Capítulo 17
Llegó el lunes, y Ágata y Gabriel seguían sin haber hablado del tema. La fiesta en casa de Michael acabó muy tarde, y el domingo se levantaron más tarde de las diez y se quedaron todo el día en casa sin hacer nada. Él pasó casi toda la tarde con el ordenador, fingiendo trabajar, y ella intentó leer el último libro que se había comprado. Era como si los dos hubieran decidido que, de momento, era mejor dejar esa conversación.
Ágata se alegró de volver al trabajo. Al menos allí, al estar tan ocupada, no pensaba tanto en su relación con Gabriel. Se sentó a su escritorio y, al encender el ordenador, se encontró con un e-mail de Steve; en él le pedía si podía mandarle los artículos que les habían robado y las fechas en que se publicaron en The Scope. También le decía que creía haber averiguado algo, y que se lo contaría el miércoles cuando se vieran. A Ágata no le fue difícil dar con todos los artículos y respondió al e-mail en seguida. Llegó la hora de comer, y Jack y Amanda fueron a buscarla. Esos almuerzos se habían convertido en uno de los mejores momentos del día, y si al final tenía que irse a Barcelona, Ágata iba a echarlos mucho de menos. Fueron a una cafetería que quedaba muy cerca de la revista.
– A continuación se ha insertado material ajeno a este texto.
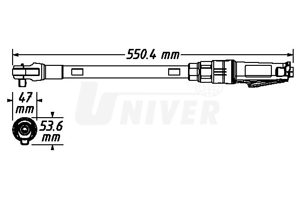 Extra dlouhá (551 mm) pneumatická ráčna (1/2") s max. utahovacím momentem 94,8 Nm se vyznačuje použitím i ve stísněném prostoru, přičemž dovoluje ruční utahování až do 400 Nm.- pneumatická ráčna extra dlouhá
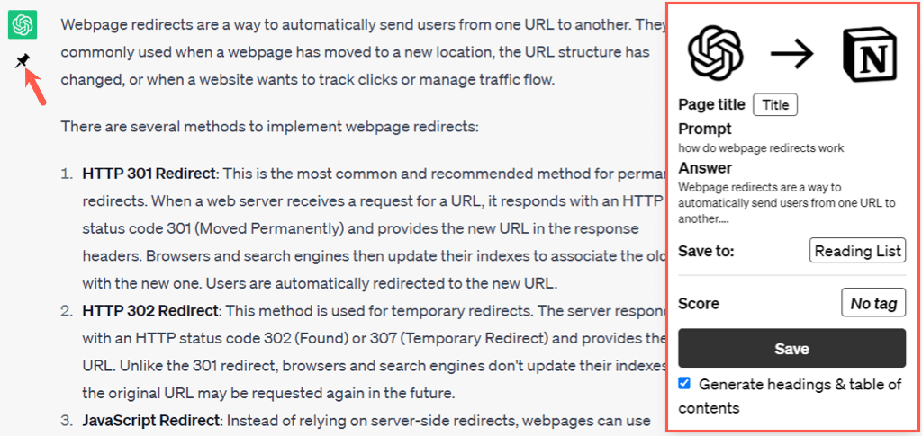 When you submit a prompt and receive the response on ChatGPT, you’ll see a pin icon beneath. Select that pin and pick the Notion database where you want to save it.
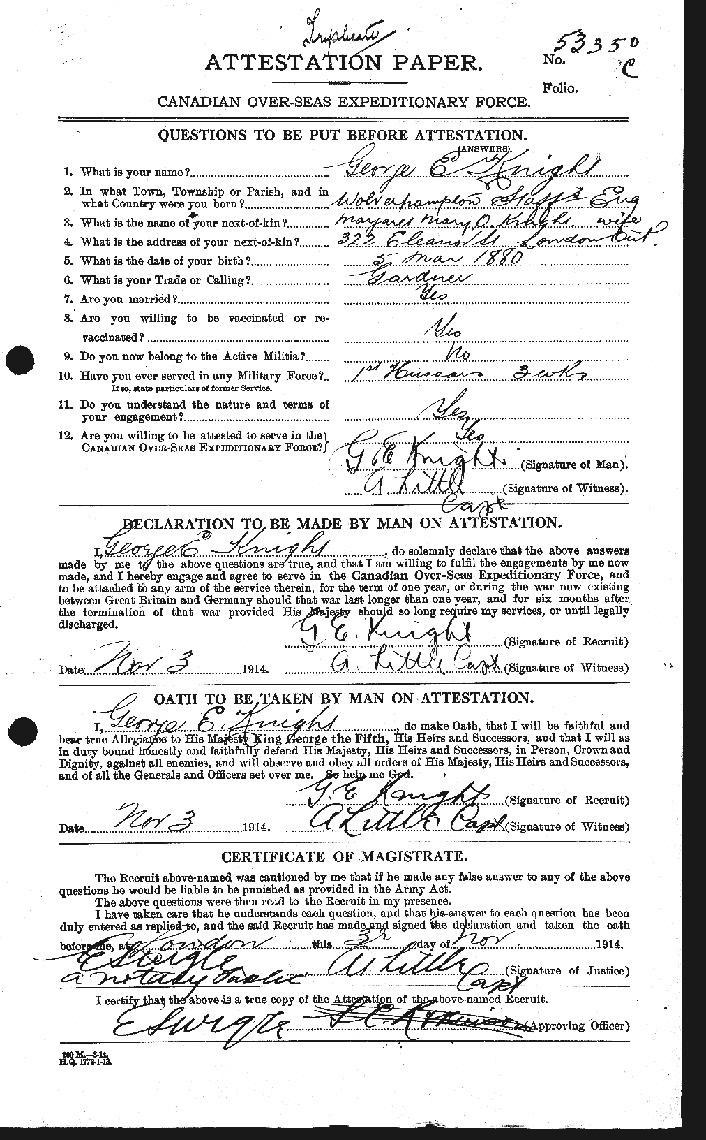 Listed incorrectly as having regimental number 53390 in the 1915 Nominal Roll.
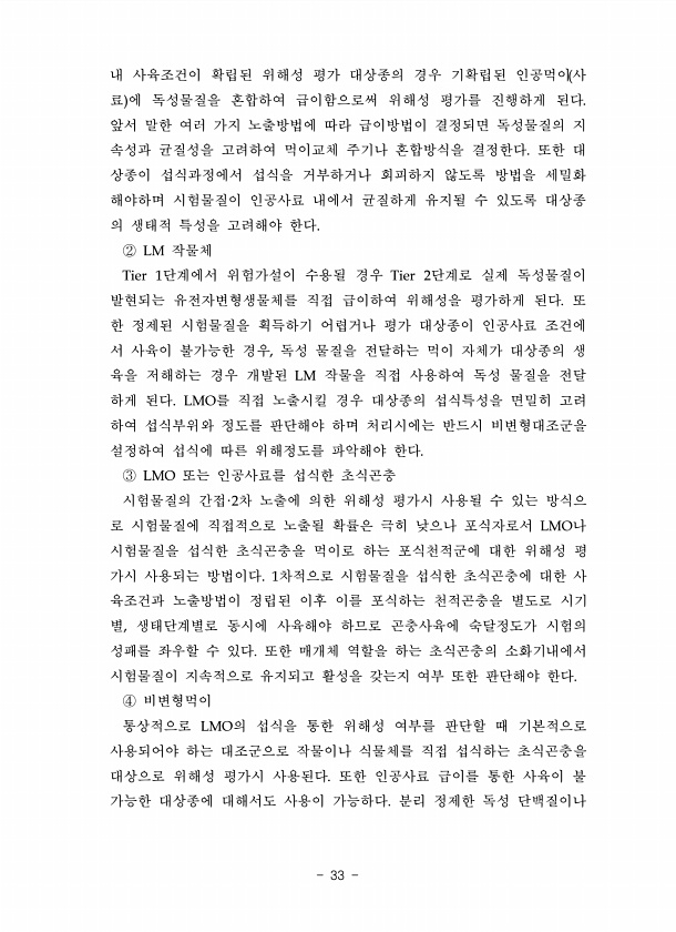 내 사육조건이 확립된 위해성 평가 대상종의 경우 기확립된 인공먹이 사 료 에 독성물질을 혼합하여 급이함으로써 위해성 평가를 진행하게 된다. 앞서 말한 여러 가지 노출방법에 따라 급이방법이 결정되면 독성물질의 지 속성과 균질성을 고려하여 먹이교체 주기나 혼합방식을 결정한다. 또한 대 상종이 섭식과정에서 섭식을 거부하거나 회피하지 않도록 방법을 세밀화 해야하며 시험물질이 인공사료 내에서 균질하게 유지될 수 있도록 대상종 의 생태적 특성을 고려해야 한다. ② LM 작물체 Tier 1단계에서 위험가설이 수용될 경우 Tier 2단계로 실제 독성물질이 발현되는 유전자변형생물체를 직접 급이하여 위해성을 평가하게 된다. 또 한 정제된 시험물질을 획득하기 어렵거나 평가 대상종이 인공사료 조건에 서 사육이 불가능한 경우, 독...

—Dime, Amanda, ¿echas de menos a Sam? —preguntó Jack—. ¿Cuándo regresa de Escocia?
—Esta semana, y no, no le echo de menos. —Amanda se rió—. Bueno, un poco sí. La verdad es que estoy harta de ver a Clive merodeando por aquí.
—¿Clive está aquí? —preguntó Ágata, preocupada al pensar en lo incómodo que éste hacía sentir a Gabriel.
—Sí, llegó el miércoles pasado. Me extraña que no haya ido a husmear por vuestra sección. —Amanda dio un sorbo a su café—. Se pasea por los despachos de arriba como si ya fueran suyos. Me pone los pelos de punta.
—Me pregunto qué demonios estará haciendo. —Jack fue a pagar—. No sé por qué no se queda en Nueva York y nos deja en paz para siempre.
—Ojalá —añadió Ágata, pensando que quizá por eso Gabriel había estado tan raro los últimos días.
—Bueno, por suerte Sam regresa ya esta semana, y entonces nos libraremos de él. —Amanda se levantó—. Tenemos que irnos. No quiero que ese impresentable tenga motivos para reñirme.
—Claro. Vamos.
Los tres salieron del local y empezaron a caminar hacia la revista. Amanda y Jack iban un paso por delante de Ágata, que para variar iba pensando en sus cosas. No podía quitarse de la cabeza la sensación de que algo no iba bien. Estaba nerviosa por lo del reportaje sobre el padre de Gabriel, y cada vez la angustiaba más haberle mentido sobre su encuentro con Steve. Lo mejor sería contárselo todo. Ágata no vio que el semáforo estaba rojo, ni tampoco la moto que salió de la esquina. Sólo sintió el golpe y oyó cómo Amanda gritaba. Luego nada.
—¡Ágata! —Amanda estaba arrodillada a su lado, junto con un montón de gente. Entre ellos estaba el motorista, que se había quedado pálido del susto y no dejaba de disculparse—. No te muevas.
—¿Qué ha pasado? —preguntó ella aturdida. Estaba tumbada en el suelo, en mitad de la calle. Le dolía la espalda, la cabeza y no podía mover la mano derecha.
—Has cruzado en rojo y sin mirar —respondió Amanda angustiada—; el motorista no ha tenido tiempo de frenar. Por suerte, ha logrado esquivarte en el último momento, pero te ha tirado al suelo. ¿Cómo te encuentras?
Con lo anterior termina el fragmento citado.